The Hopeless Romantic
I am a prime example of this. I spend my days dreaming of a knight in shining armor. I repeatedly fall victim to the whirlwind romance and often scan Craigslist for my “Missed Connection.” I buy plane tickets for exes on flukes with the hopes that I’ll get a phone call the day of arrival, and I think “The Rules of Attraction” is a terribly romantic movie-yikes. With tactics like these, my damage creates a nearly impossible obstacle for any man.

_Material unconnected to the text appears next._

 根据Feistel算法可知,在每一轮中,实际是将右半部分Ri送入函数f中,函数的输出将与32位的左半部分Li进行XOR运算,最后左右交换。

I Heart You, Mr. Unavailable
My friend, Sara, repeatedly falls for guys who are unavailable in some way. Her latest conquest sounds like the most perfect guy alive, except for those few thousand miles between them. She says she really likes him, and I don’t doubt it, but I can’t help but wonder what would’ve come of their relationship if he had a Florida driver’s license. Sara’s damage is not the worst kind, because she’s not entirely lonely, but the course of the relationship is painfully unpredictable.
I Want What I Can’t Have
One of my best friends, Chris, needs to pick up a copy of “She’s Just Not That Into You.” This guy always wants what he simply cannot have, and seems to miss that he can’t have it because it’s not interested in him. While on one hand, he’s got chicks throwing themselves at him left and right, he seems to have tunnel vision for the one out of 200 who wants nothing to do with him. Chris’s damage is bad, because he can’t help but over-analyze every little detail that to a normal person screams “Danger,” but to him spells “l-o-v-e.”
The Rescue Fantasy
My old boss, Steve, exclusively dates strippers. Besides what’s inherently wrong with that, he especially has a knack for finding the ones with the most baggage: abusive boyfriends, cocaine habits, children, etc. His modus operandi goes as follows: find suitable stripper, cling on tight, let her walk all over you in her stripper heels with the hopes that you can rescue her, then sulk around because she dumped you for her ex, his temper and his bag of coke.
Steve’s damage is the worst, particularly because he’s 34 and still chasing his rescue fantasy. Sara, Chris and I have years before our damage gets to that point. We have time to catch our damages in their infancies and nurture them to reach normalcy. Perhaps today you should take a step back and ask yourself what your damage is so that you don’t end up like Steve: 34, lonely and a back scarred by stripper heels.